→ DESCRIPTION OF THE TASK
In the material below, find the span from the line with "Kadın Siyah Önden Bağcıklı Deniz Şortu" to the line with "Keywords: Mair Chalice" and transcribe only those lines, exactly, ends included, without the pictures.

(Beginning of LISTED ENTRIES)

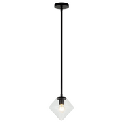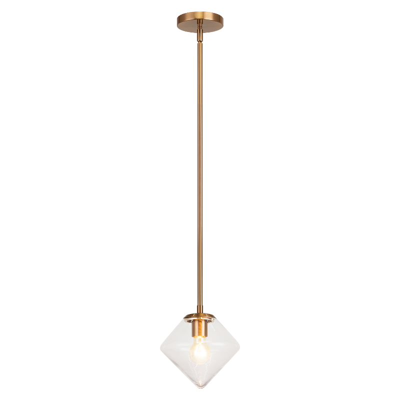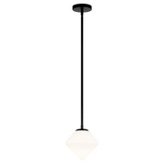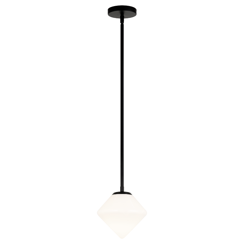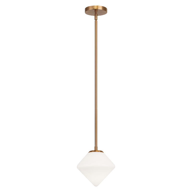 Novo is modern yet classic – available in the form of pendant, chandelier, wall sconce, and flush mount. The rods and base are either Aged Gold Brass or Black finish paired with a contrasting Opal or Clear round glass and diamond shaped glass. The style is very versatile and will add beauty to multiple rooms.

(End of LISTED ENTRIES)
(Beginning of LISTED ENTRIES)

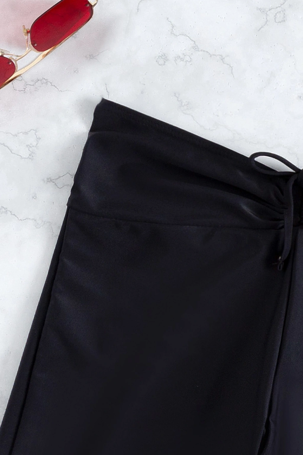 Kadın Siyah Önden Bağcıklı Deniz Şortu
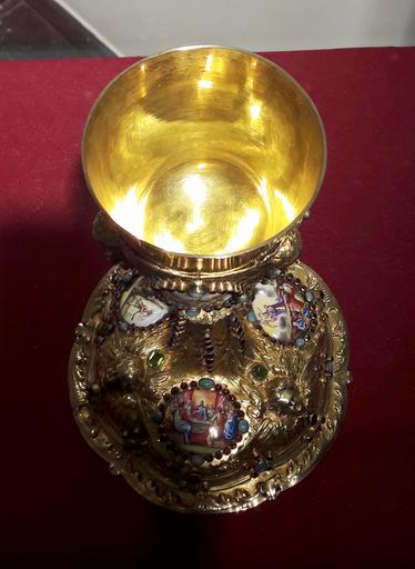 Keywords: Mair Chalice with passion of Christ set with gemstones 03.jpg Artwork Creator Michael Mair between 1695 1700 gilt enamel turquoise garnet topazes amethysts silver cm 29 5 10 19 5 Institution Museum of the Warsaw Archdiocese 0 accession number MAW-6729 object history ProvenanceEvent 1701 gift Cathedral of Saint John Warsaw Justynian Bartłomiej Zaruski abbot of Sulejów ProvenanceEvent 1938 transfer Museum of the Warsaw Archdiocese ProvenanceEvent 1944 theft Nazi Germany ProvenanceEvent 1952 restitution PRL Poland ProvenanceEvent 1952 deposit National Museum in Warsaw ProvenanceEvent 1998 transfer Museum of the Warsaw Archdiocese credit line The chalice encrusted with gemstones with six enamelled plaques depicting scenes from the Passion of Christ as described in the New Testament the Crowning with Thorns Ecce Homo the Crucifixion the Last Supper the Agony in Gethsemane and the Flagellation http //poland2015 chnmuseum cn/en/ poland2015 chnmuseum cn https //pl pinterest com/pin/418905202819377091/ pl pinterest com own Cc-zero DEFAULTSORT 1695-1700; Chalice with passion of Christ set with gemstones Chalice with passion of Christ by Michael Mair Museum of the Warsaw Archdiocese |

(End of LISTED ENTRIES)

→ EXPECTED ANSWER
 Kadın Siyah Önden Bağcıklı Deniz Şortu
 Keywords: Mair Chalice with passion of Christ set with gemstones 03.jpg Artwork Creator Michael Mair between 1695 1700 gilt enamel turquoise garnet topazes amethysts silver cm 29 5 10 19 5 Institution Museum of the Warsaw Archdiocese 0 accession number MAW-6729 object history ProvenanceEvent 1701 gift Cathedral of Saint John Warsaw Justynian Bartłomiej Zaruski abbot of Sulejów ProvenanceEvent 1938 transfer Museum of the Warsaw Archdiocese ProvenanceEvent 1944 theft Nazi Germany ProvenanceEvent 1952 restitution PRL Poland ProvenanceEvent 1952 deposit National Museum in Warsaw ProvenanceEvent 1998 transfer Museum of the Warsaw Archdiocese credit line The chalice encrusted with gemstones with six enamelled plaques depicting scenes from the Passion of Christ as described in the New Testament the Crowning with Thorns Ecce Homo the Crucifixion the Last Supper the Agony in Gethsemane and the Flagellation http //poland2015 chnmuseum cn/en/ poland2015 chnmuseum cn https //pl pinterest com/pin/418905202819377091/ pl pinterest com own Cc-zero DEFAULTSORT 1695-1700; Chalice with passion of Christ set with gemstones Chalice with passion of Christ by Michael Mair Museum of the Warsaw Archdiocese |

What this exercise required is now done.